Techniques to learn constraints from demonstrations
No Thumbnail Available
Date
2025-05-27
Authors
Advisor
Poupart, Pascal
Journal Title
Journal ISSN
Volume Title
Publisher
University of Waterloo
Abstract
Given demonstrations from an optimal expert, inverse reinforcement learning aims to learn an underlying reward function. However, it is limiting to assume that the reward function fully explains the expert behaviour, since in many real world settings the expert might be acting to satisfy additional behavioural constraints. Recovering these additional constraints falls within the paradigm of constraint learning from demonstrations. Specifically, in this work, we focus on the setting of inverse constraint learning (ICL), where we wish to learn a single but arbitrarily complex constraint from demonstrations assuming the reward is known in advance.
For this setting, we first provide a framework to learn an expected constraint from constrained expert demonstrations. We then show how to translate an expected constraint into a probabilistic constraint and additionally extend the proposed framework to learn a probabilistic constraint from constrained expert demonstrations. Here, an expected constraint refers to a constraint that bounds the cumulative costs averaged over a batch of trajectories to be within a budget. Similarly, a probabilistic constraint upper bounds the probability that cumulative costs are above a certain threshold. Finally, we provide convergence guarantees for the proposed frameworks.
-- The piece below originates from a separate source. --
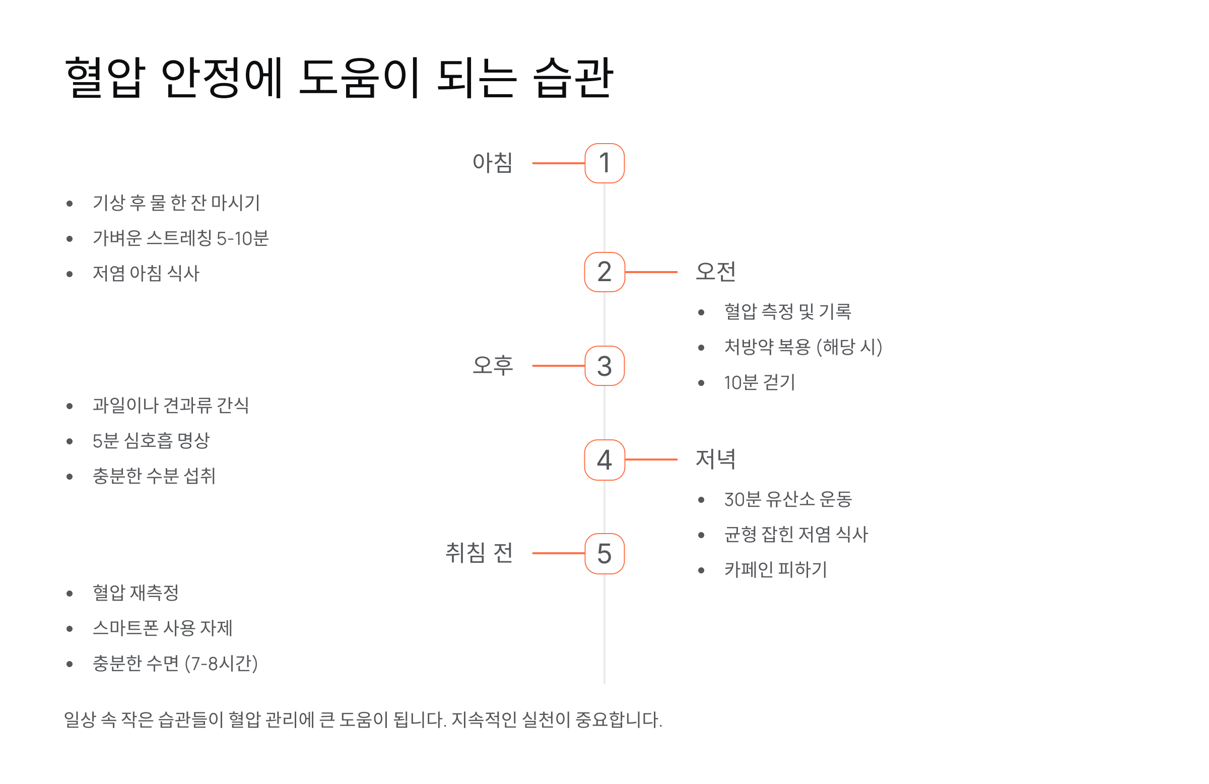 혈압 관리는 거창한 프로그램이 아니라, 오늘 하루의 작은 선택에서 시작돼요. 꾸준함이 최고의 자연요법이라는 걸 기억해요! 💚

Following these approaches, we consider the complementary challenge of learning a constraint in a high dimensional state-action space. In such a setting, the constraint function may truly depend only on a subset of the input features. We propose using a simple test from the hypothesis testing literature to select this subset of features in order to construct a reduced input space for the constraint function. We also discuss the implications of using this approach in conjunction with an ICL algorithm.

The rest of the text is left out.